Supercomputer predicts 2026 Cheltenham Gold Cup result

irishracing.com news

Published at Mar 9, 2026, 13:35

Cheltenham 14 March 2025 Inothewayurthinkin and Mark Walsh win The Gold Cup
© Healy Racing Photos

Later this week, Cheltenham racecourse will be filled with the sound of thundering hooves and raucous spectators, as some of the world’s best National Hunt horses will be contending across 28 races.

Punters will of course be looking at all the different permutations and combinations to predict the winner of the prestigious Cheltenham Gold Cup, especially with Willie Mullins trained Fact To File now set to run in the Ryanair chase, as well as the withdrawal of two-time Gold Cup winner Galopin des Champs. The experts at irishracing.com have fired up their supercomputer to assess which horse has the best chance of winning the Gold Cup.

The Algorithm Driving The Supercomputer

The data experts at irishracing formulated a complex and industry leading algorithm to best assess the chances of the competing horses in the 2026 Gold Cup.

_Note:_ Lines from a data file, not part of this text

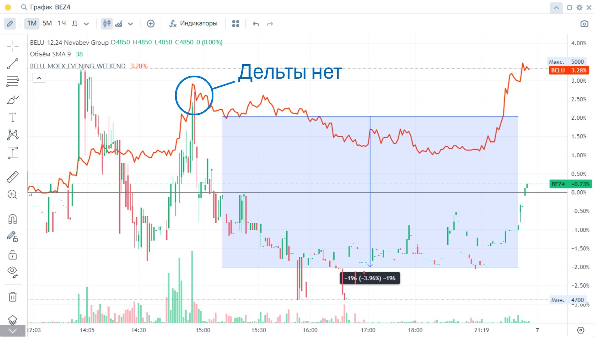 Причем ММ куда то в панике убежал из стакана. А в самом стакане было видно как арбитражники продают контракты, покрывая позицию покупкой БА. Что вызвало задерг в акции $BELU.
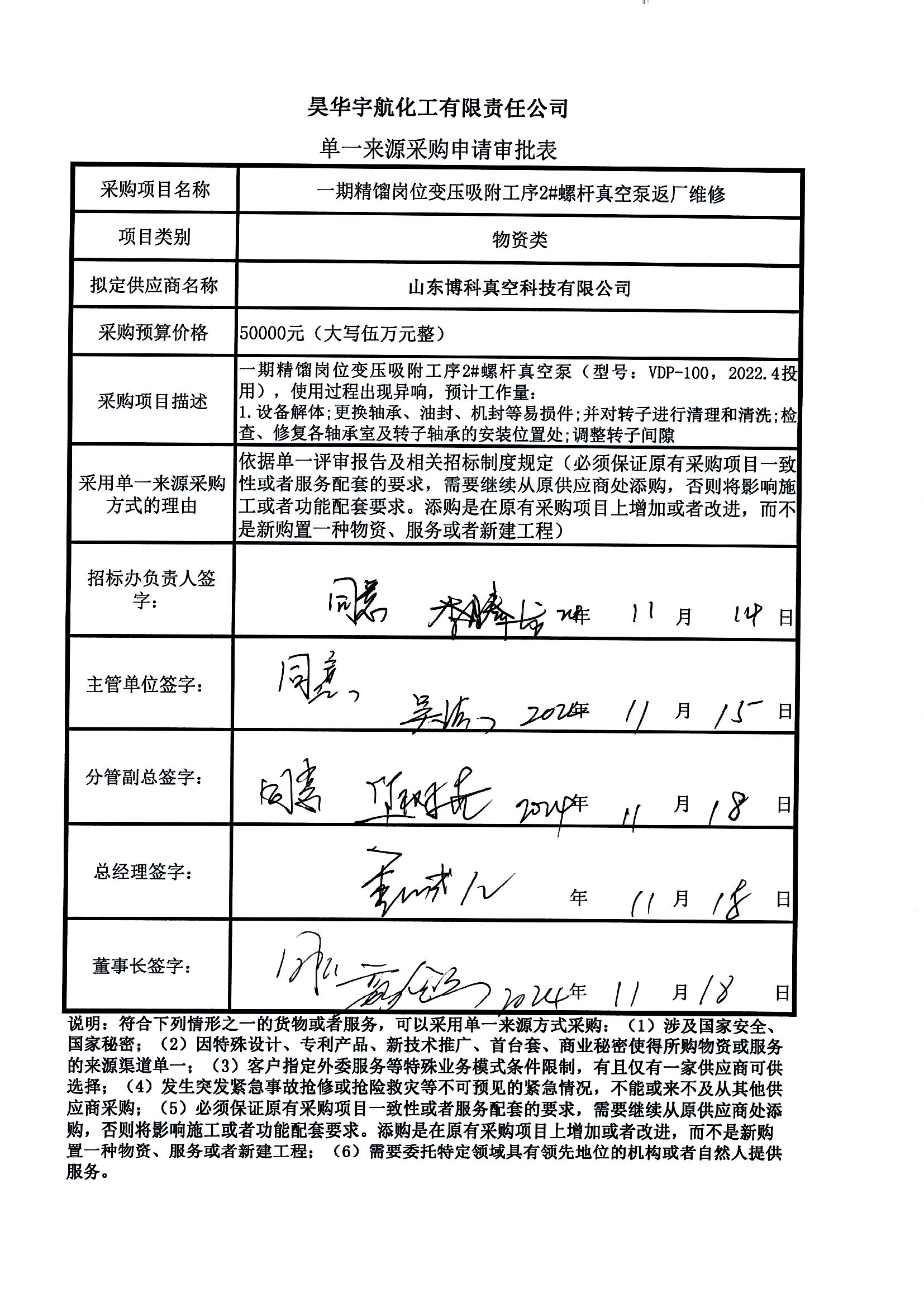 1. 项目名称:一期精馏岗位变压吸附工序2#螺杆真空泵返厂维修
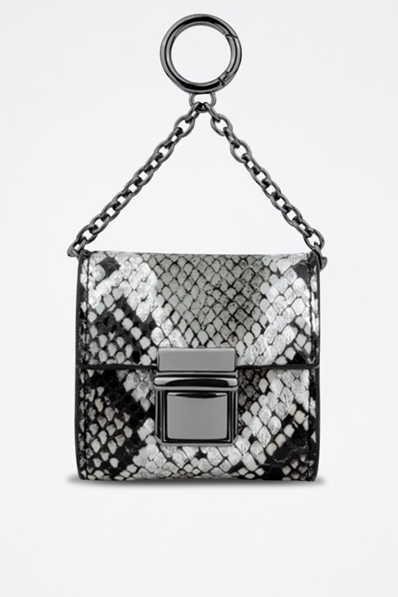 Le Cosmo Mini Bag - Moonlight Snake - est un petit sac qui évoque glamour et mode, avec un imprimé façon serpent métallique et des ornements cloutés audacieux argentés et foncés pour une touche d'opulence saisissante.

The algorithm processed the following steps before running the simulations and generating the winning probabilities of all competing horses.

1. Data Collection & Extraction

The project utilized data sourced from IrishRacing, consisting of two primary groups:

Historical Winners: Data on past victors of specific Cheltenham races to establish “success profiles.”

Current Contenders: The 2026 entries for whom we calculated winning probabilities.

Data was initially stored in nested JSON structures.

We developed a custom Python extraction pipeline to:

-Recursively read JSON files from a directory.

-Dynamically identify race-specific columns (e.g., using regex to find “Form ge X furlongs”).

-Flatten complex nested attributes into a tabular format.

2. Pre-Processing & Feature Engineering

Before modeling, raw data underwent extensive cleaning and transformation:

Odds Conversion: Fractional starting prices (e.g., “5/1”) were parsed and converted into Decimal Odds for mathematical processing.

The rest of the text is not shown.